The staff at Studio B, which these days number between 150 and 200, are proud of the titles they’ve created themselves, Peters says, and they make as many as they can. Currently, the studio has just one proprietary title in production, Kid vs Kat, in addition to a contract project for Hasbro Inc. based on its My Little Pony franchise. At the studio’s height in 2006-07, before the recession hit and advertisers cut spending and broadcasters stopped ordering new shows, Studio B had six titles in the works, all at one time and all of them homemade. “It was the craziest time for us,” Peters says. “They were all funded in different ways, but we had a piece of every show.”
Always on the lookoutRegardless of the ups and downs in the funding market, the creators at Studio B are always looking for the next idea to develop themselves, Peters says.
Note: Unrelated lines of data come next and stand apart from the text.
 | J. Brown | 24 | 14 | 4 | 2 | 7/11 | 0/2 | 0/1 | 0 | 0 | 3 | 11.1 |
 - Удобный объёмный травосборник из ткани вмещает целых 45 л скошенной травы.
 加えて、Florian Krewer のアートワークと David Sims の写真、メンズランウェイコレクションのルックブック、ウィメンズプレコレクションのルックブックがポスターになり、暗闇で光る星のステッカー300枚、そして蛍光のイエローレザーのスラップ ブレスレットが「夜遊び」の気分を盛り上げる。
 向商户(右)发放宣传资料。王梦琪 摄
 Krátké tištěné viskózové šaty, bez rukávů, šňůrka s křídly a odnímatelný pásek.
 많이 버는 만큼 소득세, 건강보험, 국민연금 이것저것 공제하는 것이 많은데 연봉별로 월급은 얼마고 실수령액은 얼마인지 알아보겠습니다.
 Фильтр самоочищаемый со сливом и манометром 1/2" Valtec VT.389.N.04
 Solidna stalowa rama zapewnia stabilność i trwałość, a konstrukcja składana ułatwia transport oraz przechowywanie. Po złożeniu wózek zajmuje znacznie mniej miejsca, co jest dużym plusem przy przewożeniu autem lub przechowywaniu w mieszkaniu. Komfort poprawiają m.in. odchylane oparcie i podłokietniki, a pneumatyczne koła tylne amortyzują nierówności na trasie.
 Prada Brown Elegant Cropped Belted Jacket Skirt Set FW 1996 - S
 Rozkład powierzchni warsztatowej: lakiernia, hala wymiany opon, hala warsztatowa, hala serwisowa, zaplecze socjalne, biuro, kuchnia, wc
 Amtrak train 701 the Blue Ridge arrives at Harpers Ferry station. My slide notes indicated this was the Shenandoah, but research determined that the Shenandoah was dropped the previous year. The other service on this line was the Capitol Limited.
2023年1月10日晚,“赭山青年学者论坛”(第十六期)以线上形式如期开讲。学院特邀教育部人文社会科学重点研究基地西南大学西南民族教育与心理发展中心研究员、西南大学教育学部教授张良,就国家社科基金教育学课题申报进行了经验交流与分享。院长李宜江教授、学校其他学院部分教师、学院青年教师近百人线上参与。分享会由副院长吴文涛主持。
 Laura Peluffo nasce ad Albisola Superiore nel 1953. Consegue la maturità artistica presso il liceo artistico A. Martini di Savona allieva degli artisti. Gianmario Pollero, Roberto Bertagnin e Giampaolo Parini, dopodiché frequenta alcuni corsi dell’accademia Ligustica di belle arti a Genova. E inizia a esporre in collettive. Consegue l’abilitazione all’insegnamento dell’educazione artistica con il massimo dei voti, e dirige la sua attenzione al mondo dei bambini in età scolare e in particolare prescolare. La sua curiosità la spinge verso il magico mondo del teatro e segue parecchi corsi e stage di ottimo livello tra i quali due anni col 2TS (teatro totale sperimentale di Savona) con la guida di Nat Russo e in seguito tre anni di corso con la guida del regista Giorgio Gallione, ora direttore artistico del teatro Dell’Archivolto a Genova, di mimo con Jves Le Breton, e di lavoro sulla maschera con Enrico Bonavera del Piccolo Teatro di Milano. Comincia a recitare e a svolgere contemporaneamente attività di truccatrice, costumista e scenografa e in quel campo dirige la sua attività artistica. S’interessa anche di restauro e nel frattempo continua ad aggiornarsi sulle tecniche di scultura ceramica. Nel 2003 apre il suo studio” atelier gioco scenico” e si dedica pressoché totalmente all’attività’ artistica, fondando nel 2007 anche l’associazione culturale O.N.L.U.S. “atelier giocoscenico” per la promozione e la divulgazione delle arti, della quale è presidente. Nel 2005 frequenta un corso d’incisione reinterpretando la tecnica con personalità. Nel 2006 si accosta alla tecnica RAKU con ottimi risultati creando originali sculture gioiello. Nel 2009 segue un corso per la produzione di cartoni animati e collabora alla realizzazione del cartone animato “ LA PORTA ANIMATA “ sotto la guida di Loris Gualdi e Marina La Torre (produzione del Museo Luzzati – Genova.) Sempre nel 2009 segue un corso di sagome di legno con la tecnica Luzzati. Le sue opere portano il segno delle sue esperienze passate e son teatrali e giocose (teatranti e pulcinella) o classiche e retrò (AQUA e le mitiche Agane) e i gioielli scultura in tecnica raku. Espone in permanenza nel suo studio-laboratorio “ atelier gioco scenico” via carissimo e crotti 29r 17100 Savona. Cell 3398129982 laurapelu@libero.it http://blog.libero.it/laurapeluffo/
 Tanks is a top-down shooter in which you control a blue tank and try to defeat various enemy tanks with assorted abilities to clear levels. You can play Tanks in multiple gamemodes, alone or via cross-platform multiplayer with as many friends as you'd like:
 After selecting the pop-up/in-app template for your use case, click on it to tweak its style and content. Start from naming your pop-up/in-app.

He gestures to the view beyond his office window, taking in the other brick office buildings surrounding his. The animation business is not that different from the small mining companies that litter these blocks off Gastown, he says. They’re all looking for that treasure that will make everyone rich and all the hard work worthwhile. Animation studios just have their eyes on a different kind of gold mine.
“We’re all in it for a hit,” Peters says. “We all think that there’s a hit out there, and we think there’s a hit in here somewhere, and that’s what keeps you going.”